Aero India: HAL showcases new helicopter designs
Hindustan Aeronautics Limited (HAL) is displaying two new indigenous helicopters at the Aero India airshow in Bangalore - a mock-up of the Light Utility Helicopter (LUH) and the flying prototype of the Light Combat Helicopter (LCH).
The new LUH is in the 3-ton class and is a totally indigenous design slated to help replace India's aging Cheetahs and Chetaks.
‘Our target is that the first airframe will be ready for ground testing by the end of the year,' said K. Mahabaleshwara Bhat, deputy general manager of the LUH Project Management Cell.
Bhat revealed that the LUH prototype, which is currently undergoing its detail design and analysis phase, would begin flying in early 2013.
The LUH project was sanctioned in February 2009 by the Ministry of Defence as part of an overall requirement for 384 craft under the Reconnaissance and Surveillance Helicopter programme.
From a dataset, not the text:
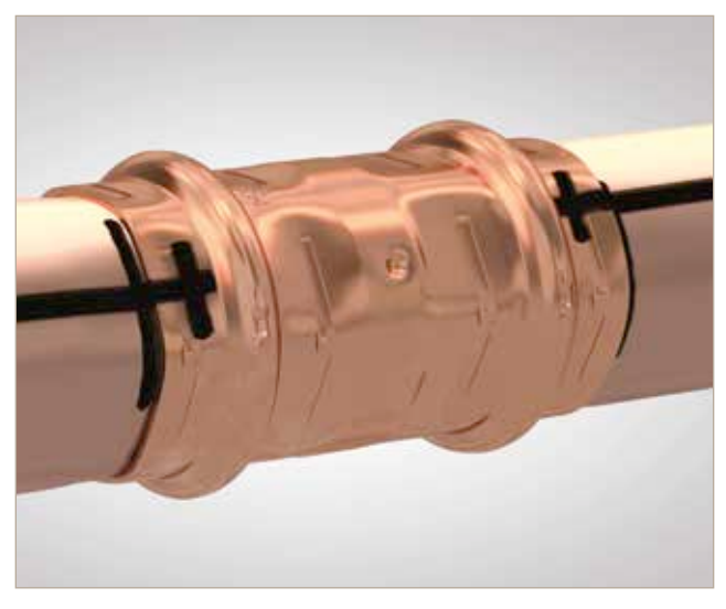
>B< Press pressed joint profile

Please refer to the technical brochure or www.conexbanninger.com for the approved list of press machines and jaws.

Of this projected requirement, 187 LUHs will be built by HAL for the Indian Air Force (IAF) and Indian Army.
Significantly smaller than the Dhruv Advanced Light Helicopter (ALH), specified functions for this single-engine multirole craft include medevac, troop transport, VVIP, and reconnaissance and surveillance. An armed version will follow, with structural hardpoints being integrated into the design for this optional fit. The weapon pylons would be similar to that of the Dhruv Weapon System Integrated (WSI) variant.
Bhat said he was pleased the project was on schedule, with HAL able to capitalise on its experience with the Dhruv. This means the design is much more integrated from the start. The main components to be sourced from overseas include the engine, standard avionics fit, electrics and actuators/hydraulics package, with the majority of components being made locally.
HAL revealed an engine has not been selected yet, with the requirement calling for an output of 1,000kW, and 550kW at 6,000m altitude.
The MoD is studying engine options from Pratt & Whitney, Honeywell and Turbomeca, with a decision due in ‘the coming months'.
A Turbomeca representative confirmed the French company was pushing hard for HAL to adopt the Turbomeca-HAL Shakti engine.
Meanwhile, the LCH made its public flying debut during the air show, while a second static prototype appeared in a digital camouflage scheme.
Dr. Prasad Sampath, general manager of HAL's Rotary Wing Research & Design Centre, said the second prototype would fly within one or two weeks. The project is at the stage of integrating basic flight testing, and Dr. Prasad declared: ‘We've learned a lot from making the Dhruv. There haven't been any major issues, but we're constantly adding things to improve the design.'
Two Shakti engines power the LCH to a maximum speed of 268km/h and service ceiling of 6,500m.
Prasad claimed the 5.8-ton LCH was ‘probably the most agile design in the world because of its rotor'.
Certification is expected in 2013, and the aircraft should be inducted by 2014. The IAF has ordered 65 craft, and the army will soon order double approximately twice this number. In addition Prasad said there could well be a future for the LCH on the export front.